What is required: When you copy the data, keep every line exactly as written and skip the pictures.

━━━ Data segment

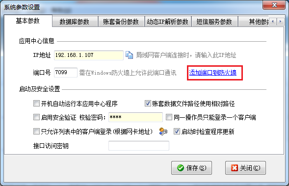 ????主機電腦的Windows防火墻或其他安全軟件的防火墻上需要開放相應的端口,軟件支持自動添加防火墻規則。在應用中心程序點“系統參數”可以設置自動添加端口到防火墻。
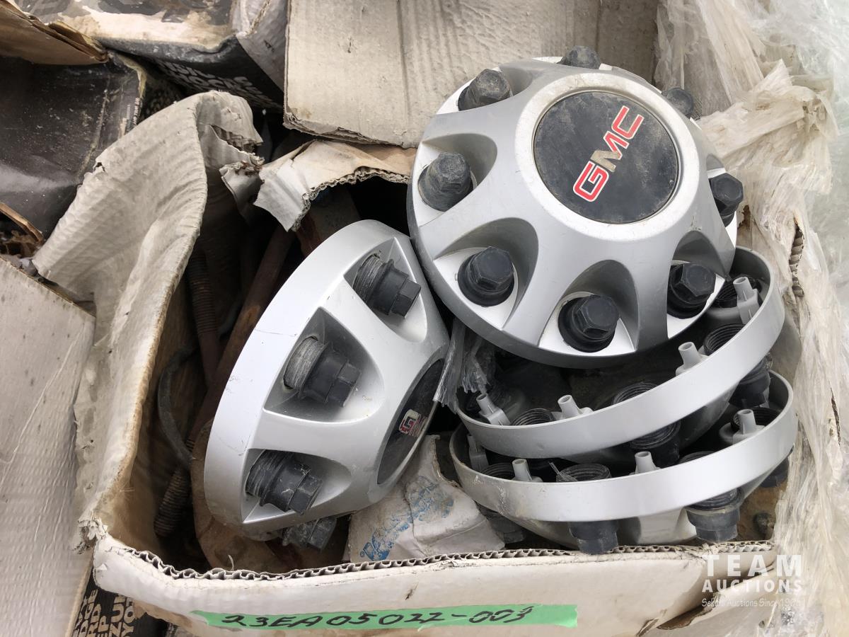 8 bolt GMC hubcaps, assorted u-bolts, GM skid plate
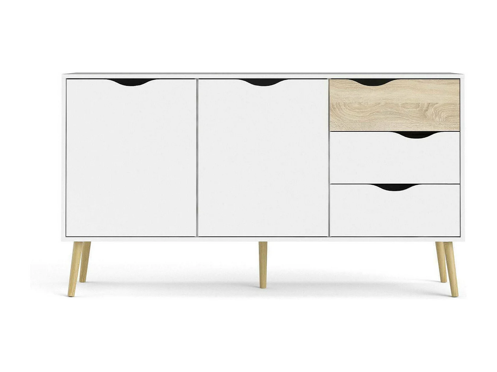 Sideboard mit zwei Türen und drei Schubladen, Weiß und Eiche, Maße 147 x 81 x 39 cm
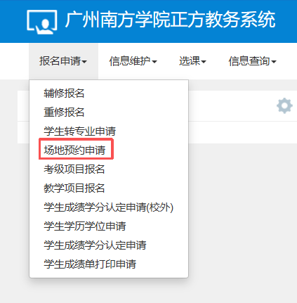 打开WilliamHill中文正方教务系统→点击报名申请→点击场地预约申请→选择时间地点后查询相关场地→在已选场地信息填写联系电话及原因→点击提交

━━━━━━

Exercise response:
 ????主機電腦的Windows防火墻或其他安全軟件的防火墻上需要開放相應的端口,軟件支持自動添加防火墻規則。在應用中心程序點“系統參數”可以設置自動添加端口到防火墻。
 8 bolt GMC hubcaps, assorted u-bolts, GM skid plate
 Sideboard mit zwei Türen und drei Schubladen, Weiß und Eiche, Maße 147 x 81 x 39 cm
 打开WilliamHill中文正方教务系统→点击报名申请→点击场地预约申请→选择时间地点后查询相关场地→在已选场地信息填写联系电话及原因→点击提交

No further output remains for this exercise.